Диалектик и барышня
Фантазия на темы Марка Шагала
Гений отдыхал. Он сегодня потрудился, впрочем, как и во все предыдущие дни. Вела ли его в трудах фантазия, или существовал какой-то план – никто не может этого знать. Да это и неважно. Все, что случалось, могло быть легко отнесено к естественным событиям. Оживший внезапно вулкан на острове Борнео; пятикилограммовый гриб, найденный в прошлую субботу жительницей деревни Выхово, что под Могилевом; слегка озадаченный каирский мусорщик, жена которого родила ему одновременно двух чудных девочек и такого же чудного мальчика, - кому пришло бы в голову связать эти события с чьей-то мрачной или веселой фантазией? Никому. Тем более, что самому Гению понятия славы и авторского права были совершенно незнакомы.

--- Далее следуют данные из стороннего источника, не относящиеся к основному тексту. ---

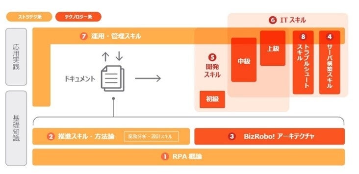 今回のリニューアルでは、eラーニングのコンテンツをBizRobo!の開発・運用・推進に必要な8つのスキルを習得できる構成とし、全57レッスン(うち新規公開30レッスン)を公開しています。

Был он сегодня с утра занят вопросами воздухоплавания, и кое-что в этом направлении совершил. Возможно, он даже гордился бы этим актом, как одним из самых изящных своих творений, если бы знал, что такое «гордиться». Он не гордился, он просто отдыхал.
В этом месте автор намерен слегка изменить направление рассказа, и просит принять, как данность, утверждение, что настоящий диалектик, даже если он парит над землей, всегда обнаружит связь между явлениями.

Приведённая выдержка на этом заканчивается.